August 16, 2022 - 11:52am

“Water levels” was a byword for boredom during my childhood in Germany. They were read out on the radio after the news in an endless litany of place names and numbers. “That’s about as interesting as water levels,” people would say when they had to endure something exceedingly dull.

These days, water levels in Germany are anything but boring. The extreme and prolonged heat is drying out the country’s rivers fast, disrupting the transport of everything from coal and fuel to grain and paper. Industry captains wait with bated breath to hear if water levels remain high enough for shipping routes to stay navigable.

The River Rhine is particularly vulnerable as Germany’s commercial artery. It connects Europe’s key ports such as Rotterdam with industry, and ultimately consumers. Over 80 per cent of Germany’s domestic shipping happens on the Rhine.

All eyes are on Kaub, a critical point on the Rhine near Frankfurt often used as an indicator for whether the waterway remains navigable for freight ships. According to the Federal Institute for Hydrology, shallow draught vessels are still able to pass at a level of 35-30cm, but if it drops below 30cm, “shipping on the Rhine will stop”. Reported levels on Monday were 32cm.

Companies like Reederei Deymann, whose barges carry coal, grain and diesel, are already feeling the squeeze as the water levels only allow it to partially load the ships. Some are currently only at 20 per cent capacity. Deymann’s Managing director Hendrik Stöhr told Spiegel magazine that “only the old hands” among his skippers dare navigate the shallow waters. “We look at the next few weeks with great concern.”

There is huge frustration in the industry with the lack of political will to do something about this recurring crisis.

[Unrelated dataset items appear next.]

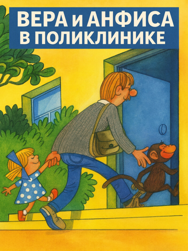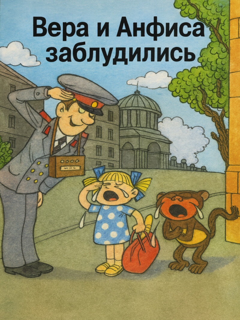 Сказка про то, как Вера и обезьянка Анфиса в булочную за батонами ходили. Но Анфиса там начала проказничать, и Вера ее на улицу вывела и к поручню пристегнула. Но Анфиса и там ухитрилась много бед наделать.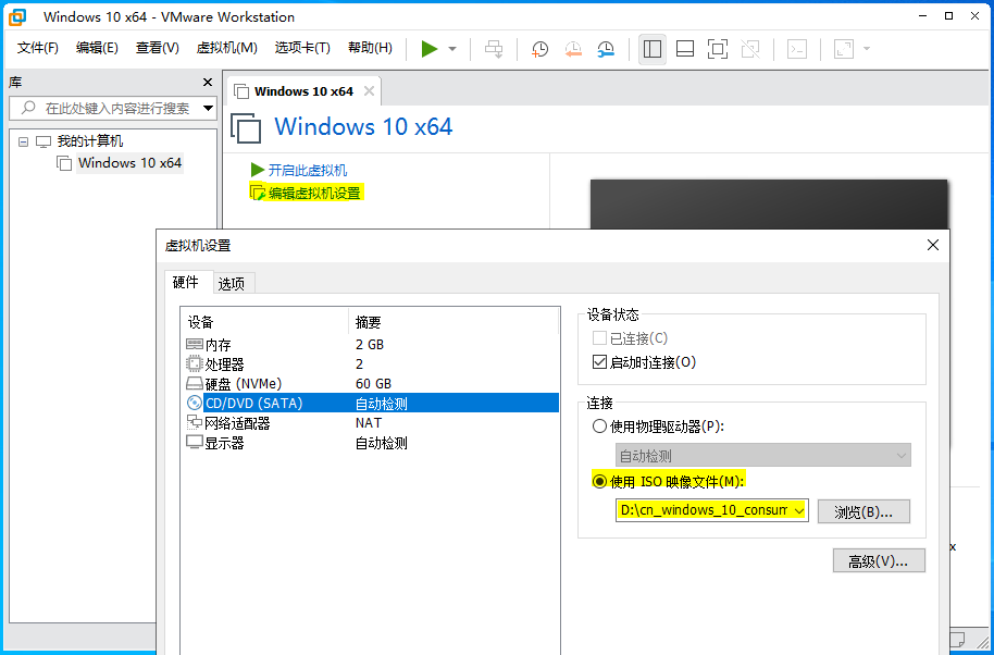 虚拟机模板创建完成后,读者可根据如下配置选择编辑虚拟机设置,并在磁盘位置处将课件中的cn_windows_10_consumer_editions_version_1903_x64_dvd_8f05241d.iso挂载到虚拟机上;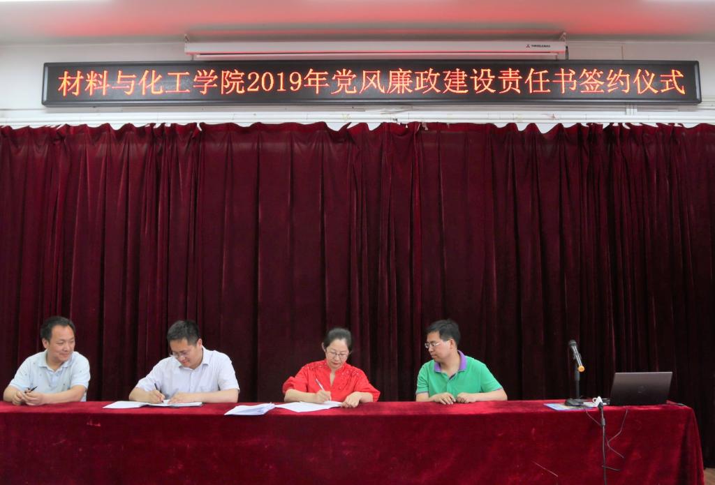按照《永利yl23411官网2019年度党风廉政建设和反腐败工作实施意见》的要求,5月23日下午,材料与化工学院举行2019年党风廉政建设责任书签约仪式。党委书记杨佩、院长米立伟与学院领导班子、各系部(副)主任、各实验中心主任、各党支部书记、两办主任等负责同志逐一签订了《材料与化工学院2019年度党风廉政建设责任书》。责任书中,对分管院领导、责任部门、责任人制定了具体的责任目标及任务分解表。此次签订党风廉政建设责任书旨在进一步明确学院领导班子成员和各部门负责人在党风廉政建设中的责任,把全面从严治党引向深入,扎实推进永利官网2019年党风廉政建设和反腐败工作任务落实。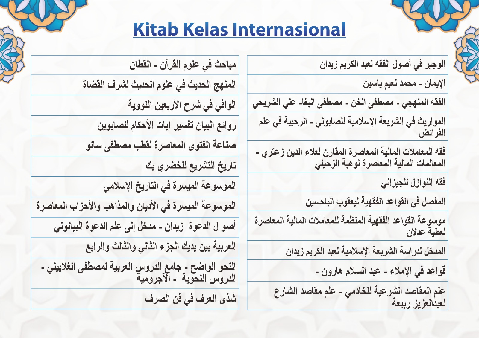3. Kelas Internasional/ mahad aly(Maaf kelas ini ditutup,kuota sdh penuh)

The last drought in 2018, which saw record lows in water levels on the Rhine, caused a recession of 1.5 per cent in German industrial production. Thyssen-Krupp, which produces steel in Duisburg and needs coal and iron ore shipped to it on the Rhine, made losses in the hundreds of millions.

“We have been asking for the critical points to be deepened for over 20 years,” an industry representative told Spiegel. But a spokesman of the parliamentary Green Party argued that such demands reflect “short-term thinking” and that any deepening of the Rhine needs to be “limited to an absolute minimum”. Wary of such criticism from green activists and politicians, the government has shown little enthusiasm to develop the Rhine and other waterways.

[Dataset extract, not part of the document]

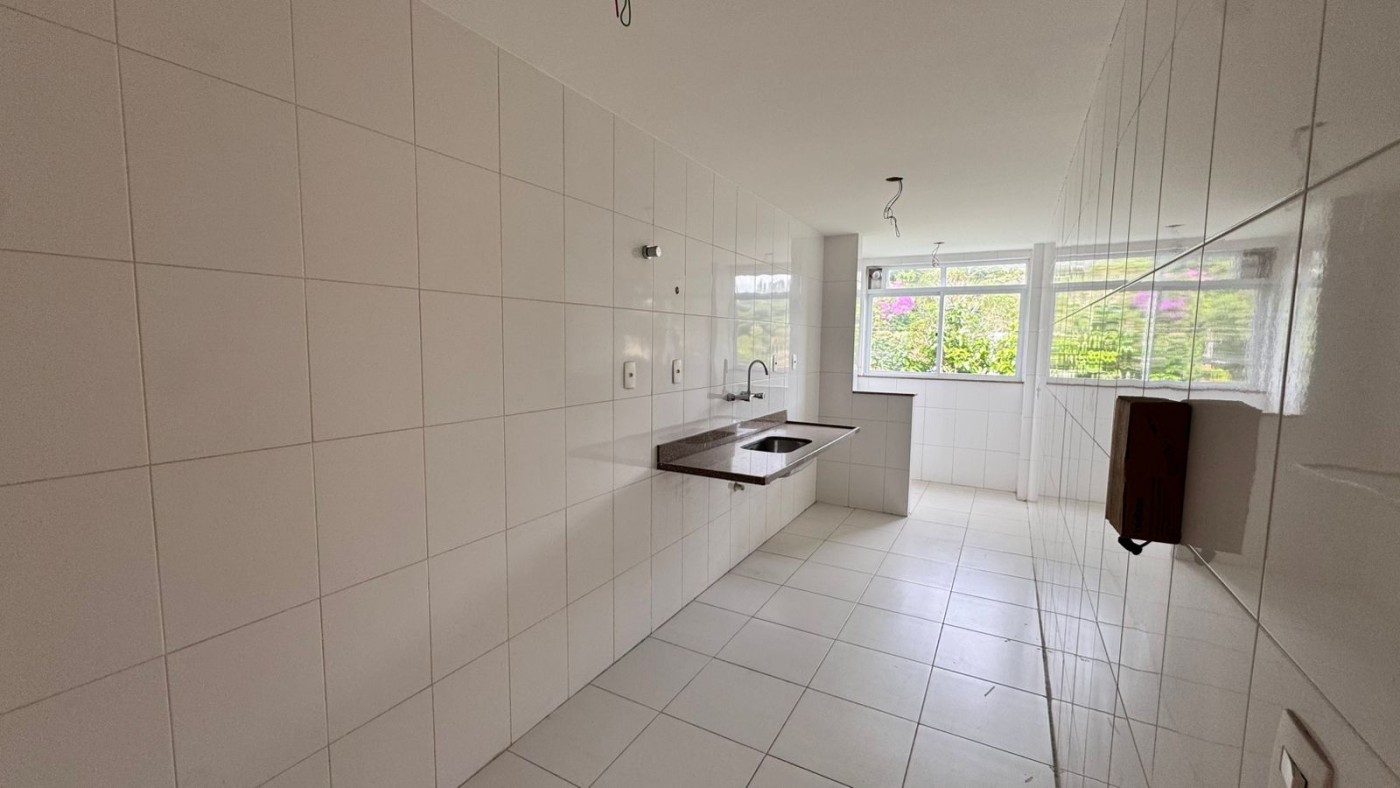 A cozinha é ampla e bem arejada, integrada à área de serviço, trazendo funcionalidade para a rotina da casa.

But with this outlook, Germany’s Greens are entirely at odds with the EU’s plan to slash carbon emissions by “increasing transport by inland waterways and short sea shipping by 25% by 2030, and by 50% by 2050”. Something will have to give. If we want to future-proof comparatively green modes of transport, then the infrastructure for them will need to be expanded.

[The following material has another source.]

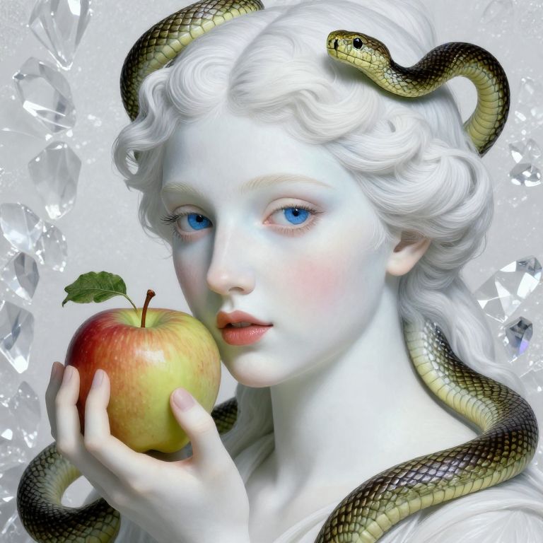 Vincent Van Gogh hyperealistic beautiful face of kind and sensual white godess of love, with blue eyes, with apple and friendly snake, on a white cristal background, 8k,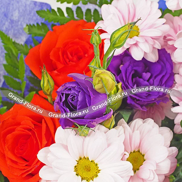 Встреча в саду - букет из роз,хризантем и эустом

The war in Ukraine, increasing conflict with China, supply chain problems and other issues have highlighted the vulnerability of a German economic model that had once seemed invincible. It will take investment and a major rethink. There couldn’t be a more iconic place to start rebuilding German industrial strength than the Rhine.


Katja Hoyer is a German-British historian and writer. She is the author, most recently, of Beyond the Wall: East Germany, 1949-1990.